- Born: Alana Michelle Josephs November 23, 1989 (age 36) Forest Hills, New York
- Genres: Hip hop
- Occupations: Rapper, Singer
- Years active: 2004–present
- Labels: Innovators & Aviators
- Website: http://lanzpierce.com

= Lanz Pierce =

American singer (born 1989)

Alana Michelle Josephs (born November 23, 1989), better known under her stage name Lanz Pierce, is an American rapper, singer, songwriter and recording artist. She was born in Queens, New York and raised in New Jersey.

== Early life ==
Born in Queens, New York to parents Andrea Josephs, an insurance broker, and Michael Josephs, an attorney, her path towards hip-hop was shaped by her parents' acrimonious divorce when she was six years old. At age 11, she began composing rhymes, influenced by male role models in the industry such as Tupac Shakur, Eminem, DMX, and Nas. Her female influences include Missy Elliott and Lil Kim. Pierce dropped out of school at age 14 and fought for recognition on stage through the underground hip-hop scene. In 2003, Pierce called Quad Studios in Midtown Manhattan numerous times, eventually appearing at its office in person. After impressing the manager with her rhymes, she received an internship but remained an unsigned artist.

== Career ==
In February 2006, Pierce signed with Interscope, following an acclaimed performance in Chicago at Lollapalooza on the BMI showcase stage.
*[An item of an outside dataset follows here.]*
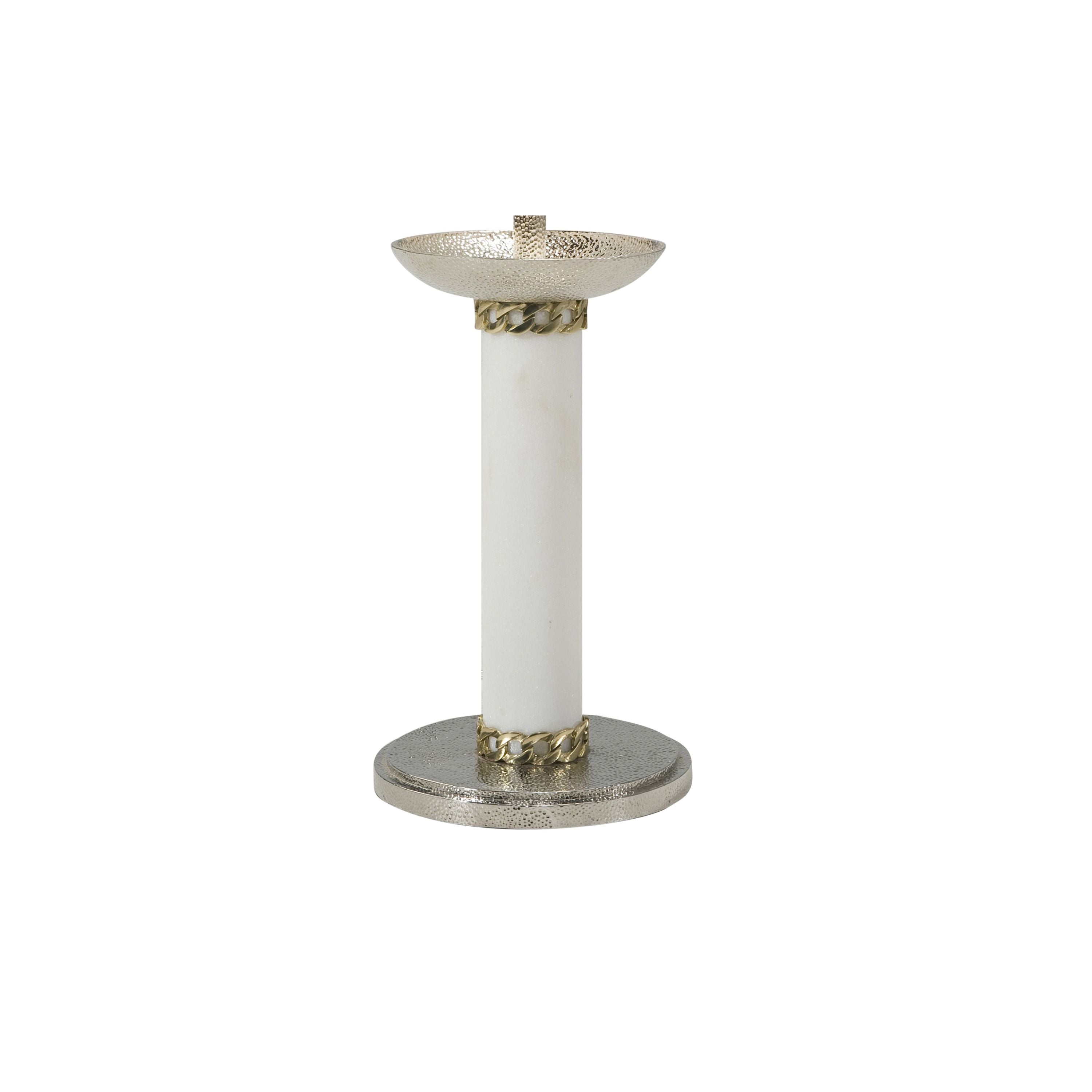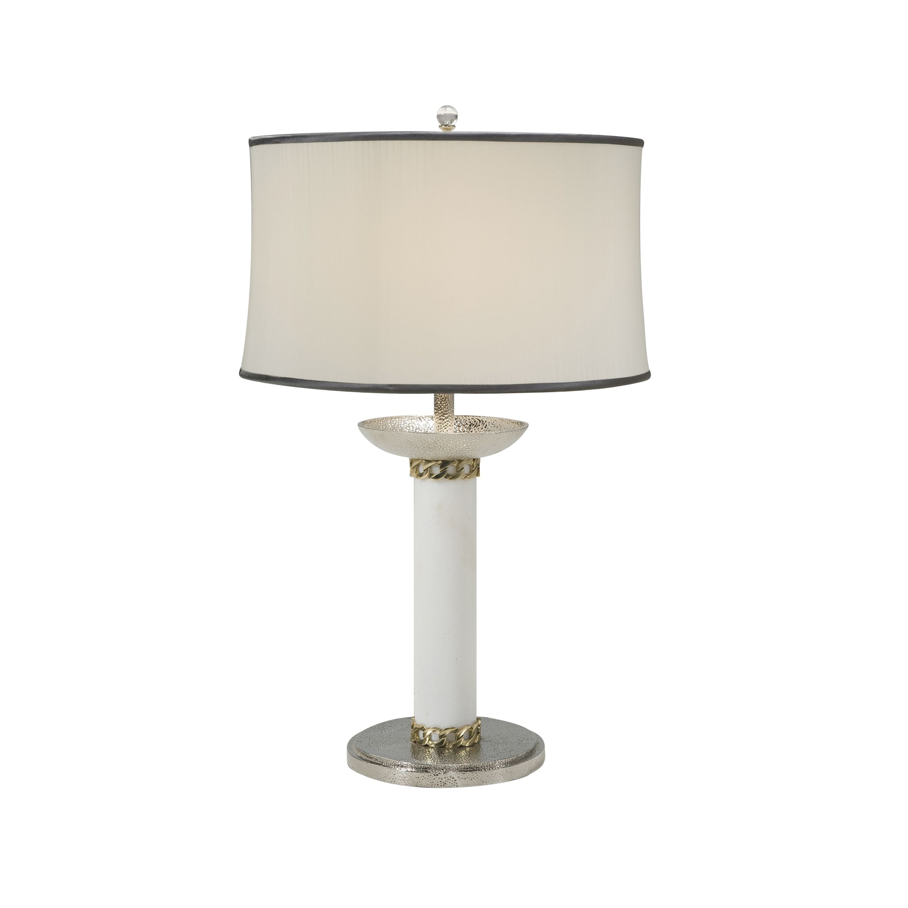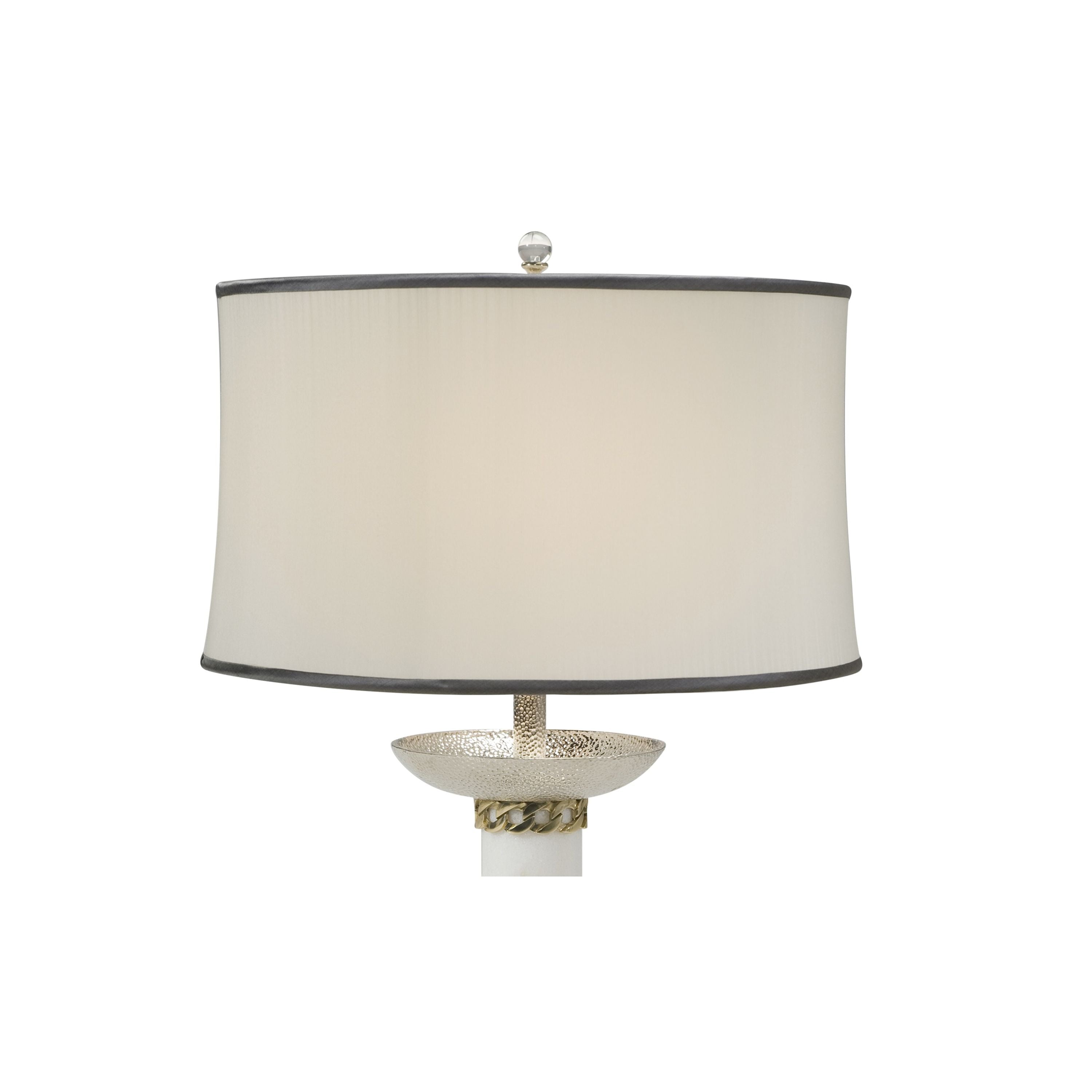 A fusion of refined metals and timeless materials, this table lamp features a nickel-plated brass structure accented with white marble and decorative chain motifs. Topped with a soft drum shade, it’s an ideal accent for bedside tables, console surfaces, or luxury lounges—where elegance meets function in every detail.

As a songwriter, she contributed to the works of Three 6 Mafia, Focus, Stargate, JR Rotem, Organized Noize, Emile and Syience.

In March 2013, Pierce released first independent EP released her first album, Point of No Return on her own independent label, Innovators&Aviators, which was distributed by Empire.

== Discography ==
Albums
- Los City (2017)

- Editors Eye (2015)

Eps
- Point of No Return (2013)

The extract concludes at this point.